**Instructions for the task:** When you reach the line that contains "RESULTADOS Y CLASIFICACION JORNADA 30" in the data below, start reproducing lines exactly, and stop after the line that contains "Аня Десницкая сделала".

**Data for this exercise:**
• • • • • • •
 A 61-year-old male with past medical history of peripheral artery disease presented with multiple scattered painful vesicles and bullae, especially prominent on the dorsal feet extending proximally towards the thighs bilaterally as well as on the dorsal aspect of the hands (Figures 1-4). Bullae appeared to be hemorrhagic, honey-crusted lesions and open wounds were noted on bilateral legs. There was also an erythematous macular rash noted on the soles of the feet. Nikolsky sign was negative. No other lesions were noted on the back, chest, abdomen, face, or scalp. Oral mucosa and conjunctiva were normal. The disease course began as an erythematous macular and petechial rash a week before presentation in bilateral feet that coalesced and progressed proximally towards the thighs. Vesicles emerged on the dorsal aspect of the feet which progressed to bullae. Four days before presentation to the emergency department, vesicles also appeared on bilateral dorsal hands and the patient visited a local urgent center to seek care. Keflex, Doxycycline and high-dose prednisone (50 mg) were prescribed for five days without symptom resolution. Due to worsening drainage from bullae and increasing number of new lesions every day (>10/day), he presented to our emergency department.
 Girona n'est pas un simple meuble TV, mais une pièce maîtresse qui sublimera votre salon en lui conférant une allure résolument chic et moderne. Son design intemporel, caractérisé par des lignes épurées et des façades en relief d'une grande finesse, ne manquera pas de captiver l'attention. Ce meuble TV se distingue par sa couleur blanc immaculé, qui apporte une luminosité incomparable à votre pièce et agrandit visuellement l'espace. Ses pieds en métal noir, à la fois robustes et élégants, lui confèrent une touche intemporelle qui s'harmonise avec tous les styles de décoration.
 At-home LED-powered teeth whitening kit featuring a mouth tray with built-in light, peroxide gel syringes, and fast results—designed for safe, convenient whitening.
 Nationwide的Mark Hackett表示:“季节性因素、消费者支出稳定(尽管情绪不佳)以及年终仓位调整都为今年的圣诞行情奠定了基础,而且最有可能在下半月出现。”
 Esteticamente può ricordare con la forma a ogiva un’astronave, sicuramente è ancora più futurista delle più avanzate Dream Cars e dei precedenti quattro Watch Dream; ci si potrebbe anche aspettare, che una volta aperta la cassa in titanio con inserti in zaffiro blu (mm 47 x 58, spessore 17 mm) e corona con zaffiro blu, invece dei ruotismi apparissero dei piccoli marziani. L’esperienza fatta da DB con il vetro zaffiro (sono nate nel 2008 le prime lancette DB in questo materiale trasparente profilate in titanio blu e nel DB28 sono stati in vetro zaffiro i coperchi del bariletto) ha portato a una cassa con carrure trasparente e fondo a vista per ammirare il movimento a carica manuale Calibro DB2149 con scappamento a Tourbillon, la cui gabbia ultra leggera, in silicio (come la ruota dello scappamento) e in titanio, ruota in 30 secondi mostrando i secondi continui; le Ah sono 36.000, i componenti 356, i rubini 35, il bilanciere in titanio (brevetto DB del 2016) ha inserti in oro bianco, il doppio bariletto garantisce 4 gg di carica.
• • • • • • •
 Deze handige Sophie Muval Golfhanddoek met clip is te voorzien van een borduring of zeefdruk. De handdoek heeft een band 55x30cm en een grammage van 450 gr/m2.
• • • • • • •
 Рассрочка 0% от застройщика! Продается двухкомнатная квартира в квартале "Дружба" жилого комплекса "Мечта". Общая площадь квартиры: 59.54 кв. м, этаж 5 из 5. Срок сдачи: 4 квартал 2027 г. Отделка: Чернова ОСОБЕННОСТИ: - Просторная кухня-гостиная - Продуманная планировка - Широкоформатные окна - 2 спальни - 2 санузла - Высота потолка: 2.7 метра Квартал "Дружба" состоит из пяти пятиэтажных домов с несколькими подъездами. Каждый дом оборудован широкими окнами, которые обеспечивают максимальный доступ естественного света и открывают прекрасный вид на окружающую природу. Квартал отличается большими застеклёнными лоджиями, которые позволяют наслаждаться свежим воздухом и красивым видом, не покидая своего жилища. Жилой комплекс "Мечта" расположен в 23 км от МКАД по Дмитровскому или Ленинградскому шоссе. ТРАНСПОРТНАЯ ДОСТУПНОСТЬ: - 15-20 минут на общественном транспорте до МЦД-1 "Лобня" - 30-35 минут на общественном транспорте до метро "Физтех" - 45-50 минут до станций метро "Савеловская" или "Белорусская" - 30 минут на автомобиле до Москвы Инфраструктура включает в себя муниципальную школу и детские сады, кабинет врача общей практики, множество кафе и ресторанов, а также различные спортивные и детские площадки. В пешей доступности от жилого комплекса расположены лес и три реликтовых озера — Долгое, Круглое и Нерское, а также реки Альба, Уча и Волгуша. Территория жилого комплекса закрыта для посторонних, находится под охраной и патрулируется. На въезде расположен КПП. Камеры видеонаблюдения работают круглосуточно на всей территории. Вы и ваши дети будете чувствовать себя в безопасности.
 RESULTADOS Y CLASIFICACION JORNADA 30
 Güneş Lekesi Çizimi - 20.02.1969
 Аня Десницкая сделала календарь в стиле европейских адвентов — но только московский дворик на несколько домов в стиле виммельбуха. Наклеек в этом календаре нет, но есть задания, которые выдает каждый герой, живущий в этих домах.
• • • • • • •
**Worked solution:**
 RESULTADOS Y CLASIFICACION JORNADA 30
 Güneş Lekesi Çizimi - 20.02.1969
 Аня Десницкая сделала календарь в стиле европейских адвентов — но только московский дворик на несколько домов в стиле виммельбуха. Наклеек в этом календаре нет, но есть задания, которые выдает каждый герой, живущий в этих домах.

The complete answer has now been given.